Anders kijken naar   hulp bij zelfdoding 

Gespannen voet

Hagens realiseert zich dat zelfbeschikking en toetsbaarheid voor sommige mensen op gespannen voet staan met elkaar. ‘Het individuele en het maatschappelijke belang komen niet altijd overeen. Maar vanuit maatschappelijk perspectief gezien is het goed dat er controle op hulpverleners is. Het zelfbeschikkingsrecht wordt vaak vanuit het individuele perspectief benaderd. Terwijl onze keuzes ook consequenties hebben voor de levens van mensen met wie we verbonden zijn. Dit zijn twee kanten van dezelfde medaille, daar mag meer aandacht voor zijn.’ •

Verbinding

Hagens zou graag meer verbinding en samenwerking willen zien tussen organisaties die zich bezighouden met het levenseinde, zoals 113Zelfmoordpreventie, de KNMG, het Openbaar Ministerie en recht-op-waardig-sterven verenigingen, zoals Stichting de Einder, de NVVE en Stichting Levenseinde Counseling (SLC). ‘Het zou mooi zijn als zij vanuit één filosofie hulp verlenen en er meer continuïteit in zorg of begeleiding zit tussen de verschillende organisaties. Verwijst een organisatie als 113Zelfmoordpreventie mensen bijvoorbeeld door naar Stichting de Einder of de NVVE als uit het gesprek blijkt dat de situatie uitzichtloos is? Bij Stichting de Einder komen in ieder geval weinig zorgvragers die doorverwezen zijn door 113Zelfmoordpreventie. Zij vinden de organisatie meestal op eigen houtje.’  

De aanpak die Hagens voorstelt, gaat uit van schadebeperking zoals we die kennen van het Nederlandse drugsbeleid. Als samenleving zien we liever niet dat mensen harddrugs gebruiken, maar we wéten dat het gebeurt.
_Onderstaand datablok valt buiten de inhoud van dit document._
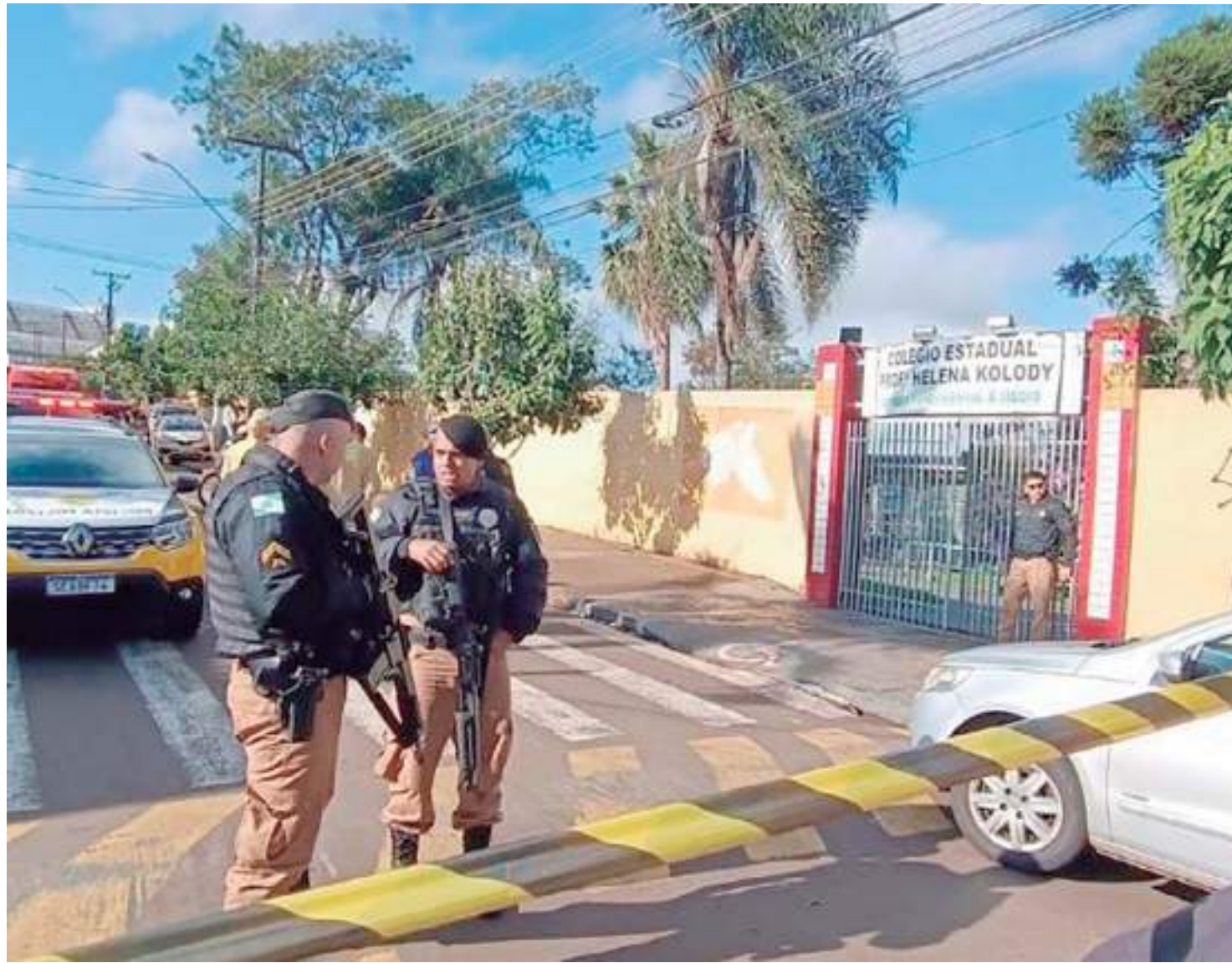
Policiais em frente à escola estadual Professora Helena Kolody, em Cambé (PR), após ataque a tiros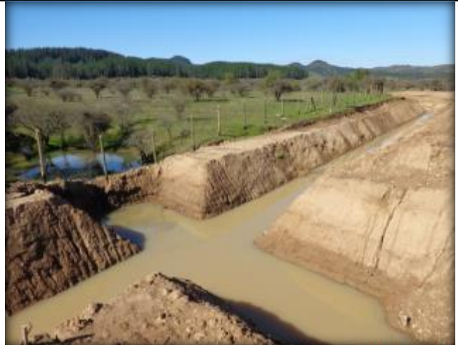
Excavación para quebrada Tipo CQ7, Km 42,089.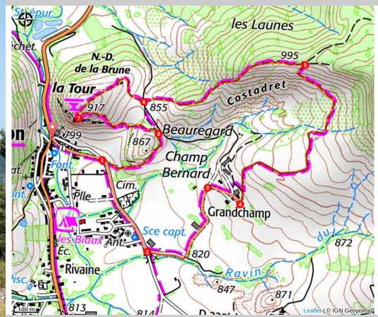
Sur la crête de Costadret (Vincent AUBERT - PNR Baronnies provençales)

Une petite boucle proche de Séderon vous immergeant dans un panorama façonné par le pastoralisme et l'agriculture traditionnelle.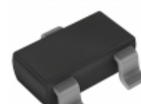
BCX17T116 Rohm Semiconductor TRANS PNP 45V 0.5A SST3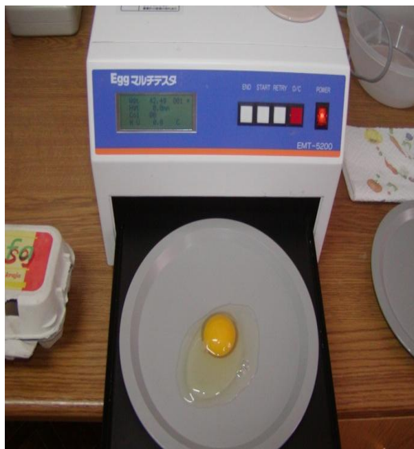
Slika 9. Instrumentalno određivanje kvalitete jaja

Radi utvrđivanja fenotipskih karakteristika utvrđene su tjelesne izmjere kokoši i pijetlova (Slika 7). Utvrđivanje fenotipskih obilježja provedeno je po metodi koju je opisao Kodinetz (1940) na način: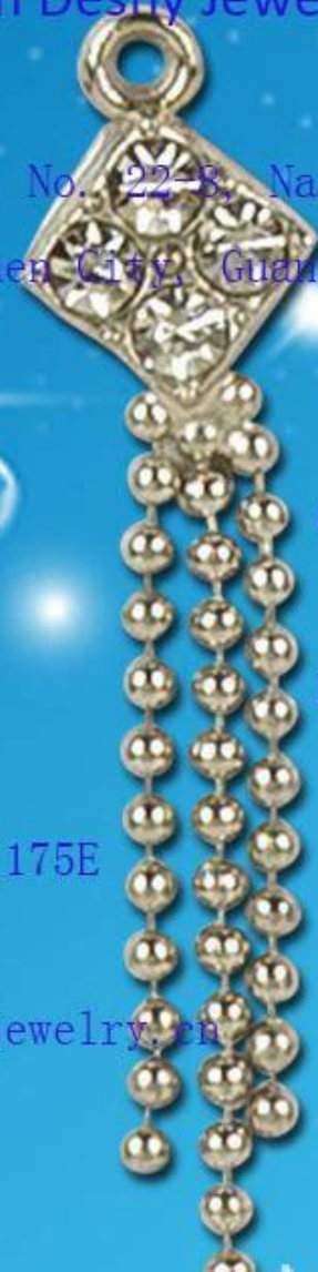
Branco 9999 Sterling Silver Rose Pulseira Padrão Fornecedor China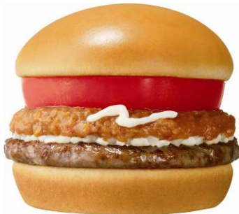
「ドーナツバーガー モス（わさびソース）」

今回の商品開発の共通テーマは、提携発表後からご要望が多かった“ドーナツバーガー”です。モスバーガーでは中央に穴の開いた「ドーナツ型パティ」を新たに使用し、穴の部分には、マヨネーズ、西洋わさび、大根おろしなどを使用したオリジナルのわさびマヨソースを入れました。食べている途中で味の変化が楽しめる、遊び心あふれる商品です。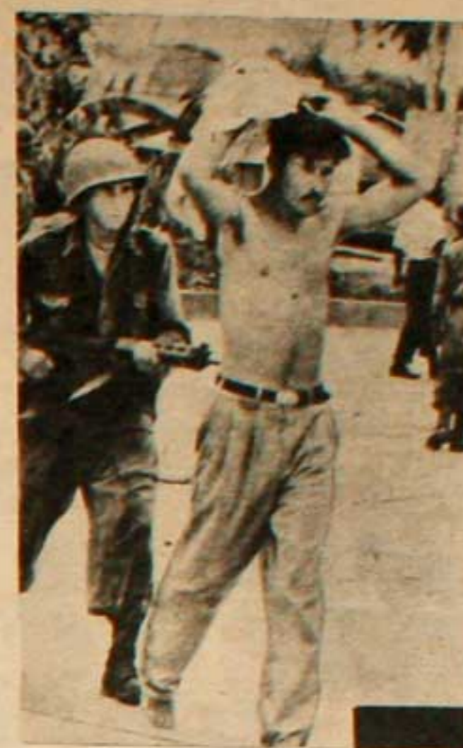
ra en la región. El otro es Brigada Campesina de Ajudiciamiento del Partido de los Pobre, comandada por Lucio Cabañas, principal líder guerrillero del país.

Coherente con la lucha que está librando el FRELIMO, se ha organizado un Frente de Liberación Nacional de Angola, de carácter anticolonialista. Evidencias de esta organización son el reclutamiento de angoleños y una intensiva preparación militar con miras a asestar un duro golpe al colonialismo portugués, el cual poco a poco comienza a replegarse a causa de la ininterrumpida y larga guerra revolucionaria del pueblo africano.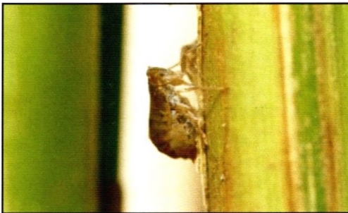
Gambar 4. Imago Wereng Coklat (Brakhiptera)

Jumlah makroptera akan semakin banyak jika populasi pada stadium nimfa semakin tinggi sedangkan makanan yang tersedia semakin berkurang baik kualitas maupun kuantitasnya. Imago dan nimfa Wereng Coklat biasanya tinggal pada bagian pangkal batang tanaman padi, tetapi bila populasi sangat tinggi serangga banyak juga ditemukan pada helai daun, daun bendera, bahkan pada malai (Kalshoven, 1981).

Dus richten we ons op veilig gebruik, door schone naalden te verschaffen of de mogelijkheid te bieden om drugs te testen op kwaliteit. Daarmee verklein je de nare consequenties van het drugsgebruik. 
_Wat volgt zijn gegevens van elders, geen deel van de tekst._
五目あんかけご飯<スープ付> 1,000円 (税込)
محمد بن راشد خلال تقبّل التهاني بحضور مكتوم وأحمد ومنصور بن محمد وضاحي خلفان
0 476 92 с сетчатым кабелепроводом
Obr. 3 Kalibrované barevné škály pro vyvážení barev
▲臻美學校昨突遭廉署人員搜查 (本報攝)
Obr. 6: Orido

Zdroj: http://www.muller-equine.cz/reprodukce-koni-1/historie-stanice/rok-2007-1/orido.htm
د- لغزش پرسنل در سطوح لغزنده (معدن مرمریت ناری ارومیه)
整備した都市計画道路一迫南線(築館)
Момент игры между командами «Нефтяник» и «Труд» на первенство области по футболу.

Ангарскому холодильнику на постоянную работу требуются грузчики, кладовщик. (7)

Zo zou je ook met suïcide om kunnen gaan, vindt Hagens. In eerste instantie wil je suïcide voorkomen wanneer er mogelijkheden van levenshulp zijn. Maar mocht een suïcide onvermijdelijk zijn, dan is het misschien mogelijk om de nare consequenties ervan te verminderen (of voorkomen) voor de persoon zelf, de naasten die nabestaanden worden en voor onvrijwillig betrokkenen (zoals een treinmachinist). De persoon zelf kan uit een eventueel isolement worden gehaald door een gesprek te voeren over wat voor diegene goed sterven inhoudt. Naasten kunnen vaker vooraf betrokken worden in plaats van dat ze onverwachts geconfronteerd worden met een suïcide. De niet-strafbare hulp bij zelfdoding, dus het goed informeren en begeleiden van mensen, kan daarbij helpen. Hagens zegt daarom: ‘Laten we dat proces dus professionaliseren. Veilig, zorgvuldig, transparant en toetsbaar maken. Het maatschappelijke debat hierover zou gebaat zijn bij onderzoek naar begeleiding bij zelfdoding.’
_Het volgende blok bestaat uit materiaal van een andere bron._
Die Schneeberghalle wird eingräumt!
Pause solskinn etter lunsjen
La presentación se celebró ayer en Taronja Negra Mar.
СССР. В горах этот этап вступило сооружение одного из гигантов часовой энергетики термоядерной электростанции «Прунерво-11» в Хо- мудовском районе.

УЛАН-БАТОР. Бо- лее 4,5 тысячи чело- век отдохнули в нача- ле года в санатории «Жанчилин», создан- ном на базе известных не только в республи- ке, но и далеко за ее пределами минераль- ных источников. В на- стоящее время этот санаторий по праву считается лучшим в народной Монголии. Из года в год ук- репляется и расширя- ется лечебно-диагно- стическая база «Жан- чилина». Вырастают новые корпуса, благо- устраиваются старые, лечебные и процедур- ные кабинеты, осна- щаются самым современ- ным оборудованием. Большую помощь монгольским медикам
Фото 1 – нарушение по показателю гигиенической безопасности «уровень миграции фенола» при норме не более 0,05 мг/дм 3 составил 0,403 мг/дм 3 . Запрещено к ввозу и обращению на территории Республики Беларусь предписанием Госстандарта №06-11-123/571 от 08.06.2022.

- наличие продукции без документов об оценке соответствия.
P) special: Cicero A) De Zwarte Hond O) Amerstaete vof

Regionale Toetsingscommissies Euthanasie

Betere basis

Voor Hagens is het goede sterven een proces. ‘Het gaat om het laatste deel van het leven. Daar zou ik de focus meer op willen leggen. Niet enkel op het moment van de dood en de manier waarop dat gebeurt. Met de term “euthanasie” verwijzen we in Nederland meestal naar levensbeëindiging op verzoek door een arts, maar ik vind het mooier deze term in de grondbetekenis van eu thanasie (goede dood) te gebruiken, waarbij je de arts – of een andere hulpverlener of begeleider – vraagt je te helpen om goed te kunnen sterven. Waarmee ik dus niet alleen euthanasie in de nu gebruikelijke betekenis van het woord bedoel, want goed sterven kan ook anders. Door middel van palliatieve sedatie bijvoorbeeld, of door te stoppen met eten en drinken om maar iets te noemen. Een hulpverlener zal wellicht welwillender tegenover een verzoek staan om iemand te helpen goed te sterven dan tegenover een rechtstreeks verzoek om iemands leven te beëindigen. Het is mogelijk een betere basis voor een goed gesprek over wat een hulpverlener voor je kan betekenen in die laatste levensfase.’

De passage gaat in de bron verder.